__Supplied material__.
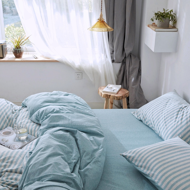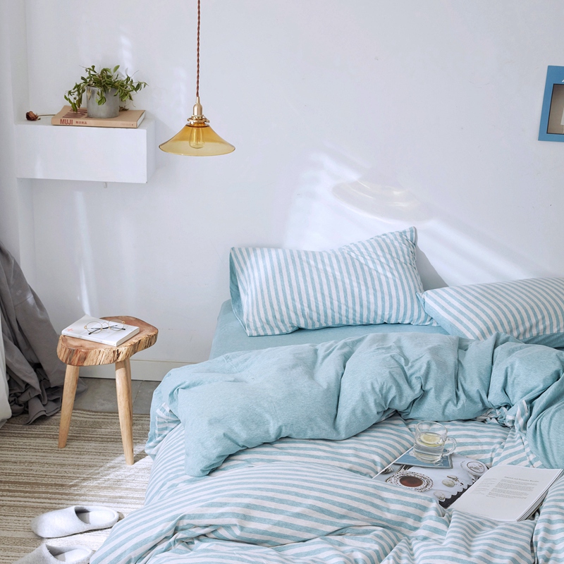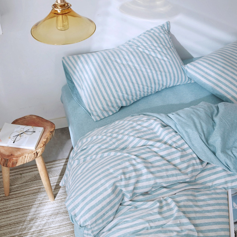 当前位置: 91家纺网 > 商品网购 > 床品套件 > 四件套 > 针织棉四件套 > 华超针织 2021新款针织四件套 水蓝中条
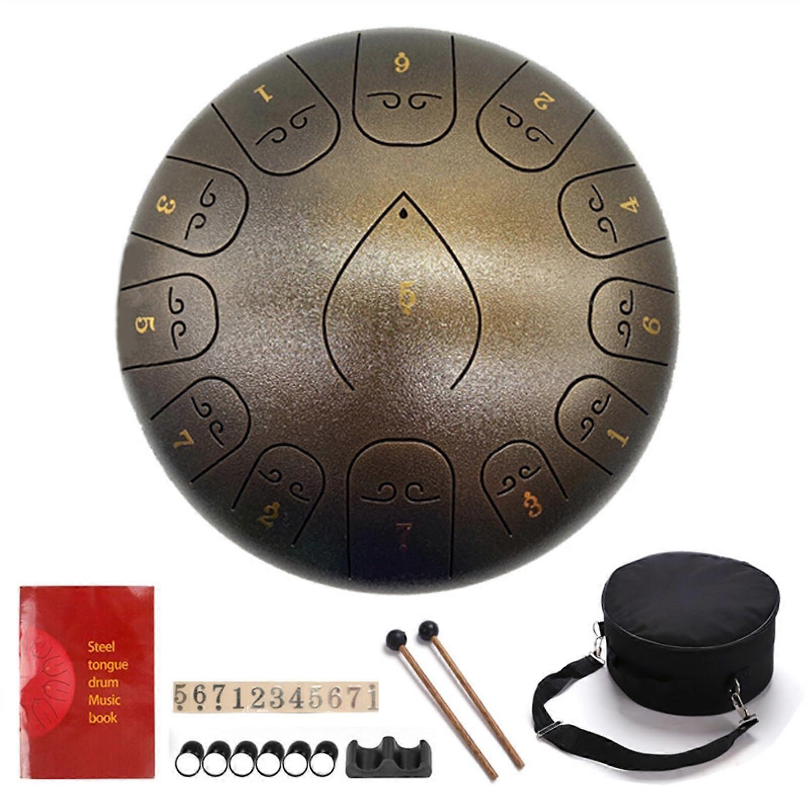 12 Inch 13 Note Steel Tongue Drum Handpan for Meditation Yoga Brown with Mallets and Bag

* * *

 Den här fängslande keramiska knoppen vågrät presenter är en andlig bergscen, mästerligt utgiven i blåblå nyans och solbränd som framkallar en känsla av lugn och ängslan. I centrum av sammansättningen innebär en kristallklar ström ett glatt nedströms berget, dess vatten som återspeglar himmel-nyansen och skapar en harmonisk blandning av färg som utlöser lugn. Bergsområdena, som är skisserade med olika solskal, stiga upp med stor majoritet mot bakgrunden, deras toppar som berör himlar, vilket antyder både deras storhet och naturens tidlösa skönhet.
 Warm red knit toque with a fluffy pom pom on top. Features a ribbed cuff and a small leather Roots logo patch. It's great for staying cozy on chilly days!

__Your goal__. Within the listing above, write out the stretch from the line with "当前位置: 91家纺网 >" through the line with "12 Inch 13 Note" exactly. Any pictures are to be left out.

__Written answer__.
 当前位置: 91家纺网 > 商品网购 > 床品套件 > 四件套 > 针织棉四件套 > 华超针织 2021新款针织四件套 水蓝中条
 12 Inch 13 Note Steel Tongue Drum Handpan for Meditation Yoga Brown with Mallets and Bag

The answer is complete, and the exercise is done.